#### [Work instruction]
Word for word, transcribe the data below from the line with "苏泊尔(SUPOR)电火锅 分体式电煮锅 火锅专用锅" to the line with "Лежанка для собак", keeping both of those lines.

#### [Records for processing]
========

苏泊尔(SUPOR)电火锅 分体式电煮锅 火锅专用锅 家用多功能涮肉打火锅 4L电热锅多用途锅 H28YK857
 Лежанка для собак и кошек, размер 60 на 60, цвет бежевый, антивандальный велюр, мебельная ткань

========

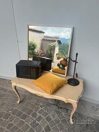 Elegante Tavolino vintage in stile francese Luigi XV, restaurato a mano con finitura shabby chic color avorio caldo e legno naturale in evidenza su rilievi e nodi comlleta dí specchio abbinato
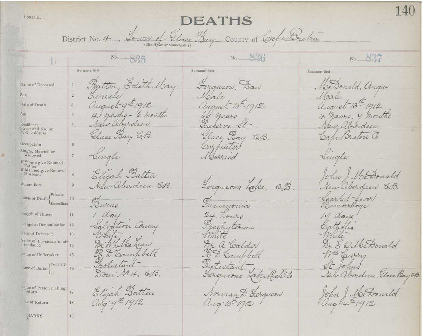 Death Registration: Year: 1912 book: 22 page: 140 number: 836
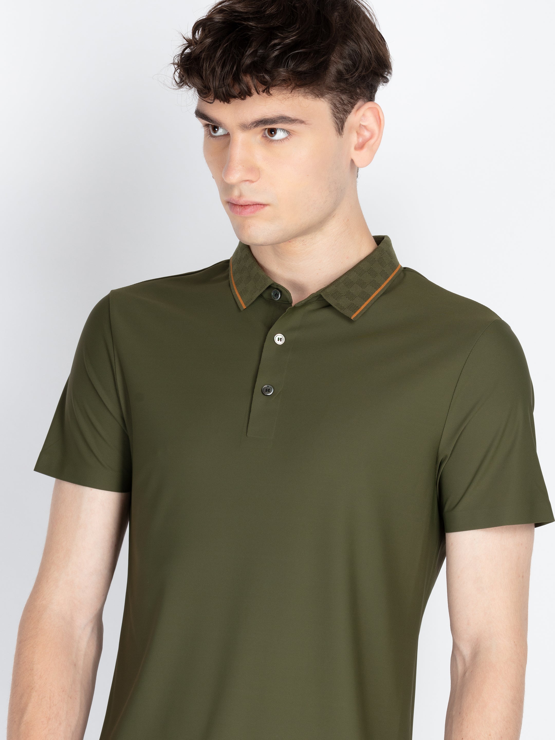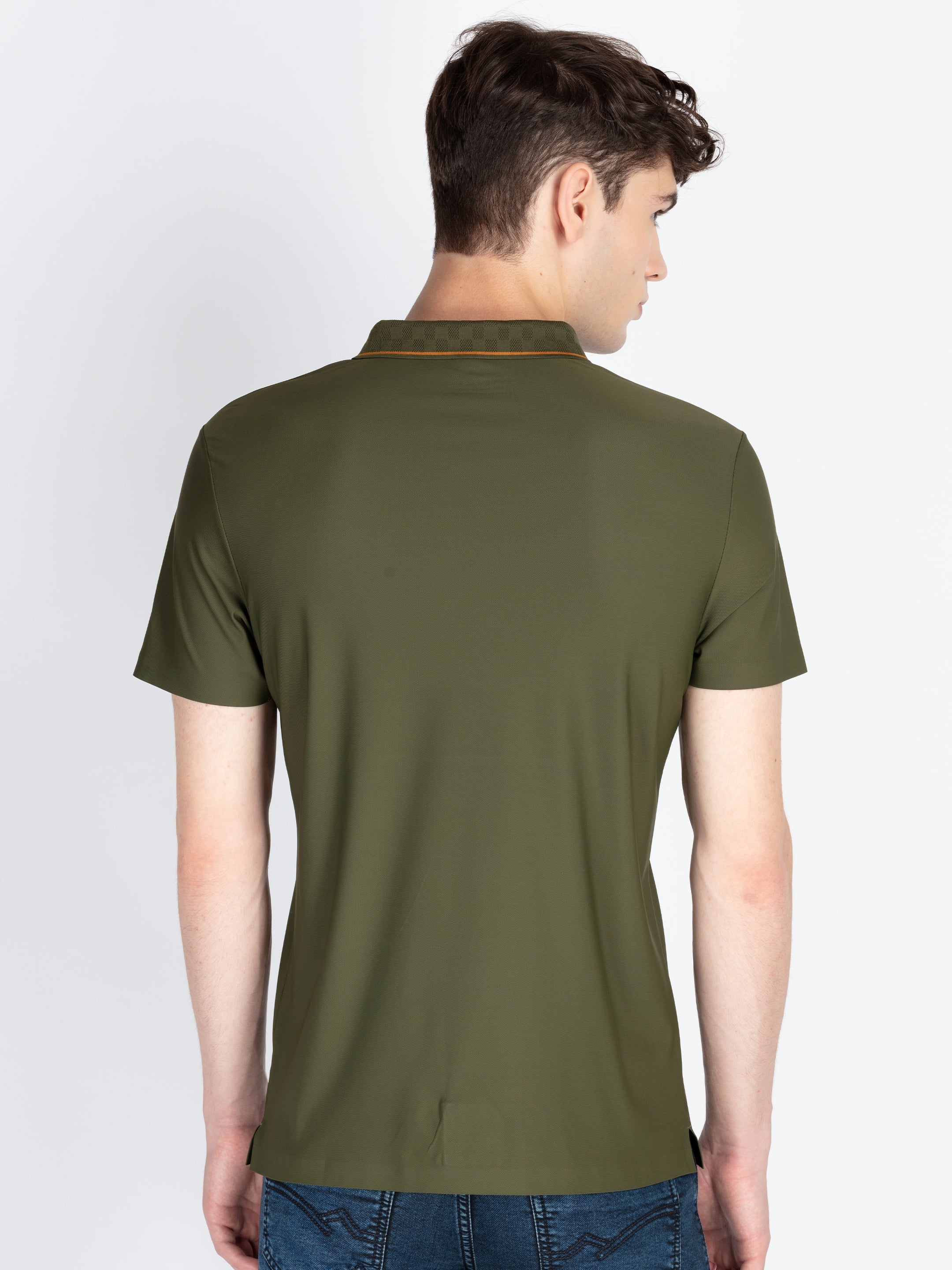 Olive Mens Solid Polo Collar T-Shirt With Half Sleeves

========

#### [Completed exercise]
苏泊尔(SUPOR)电火锅 分体式电煮锅 火锅专用锅 家用多功能涮肉打火锅 4L电热锅多用途锅 H28YK857
 Лежанка для собак и кошек, размер 60 на 60, цвет бежевый, антивандальный велюр, мебельная ткань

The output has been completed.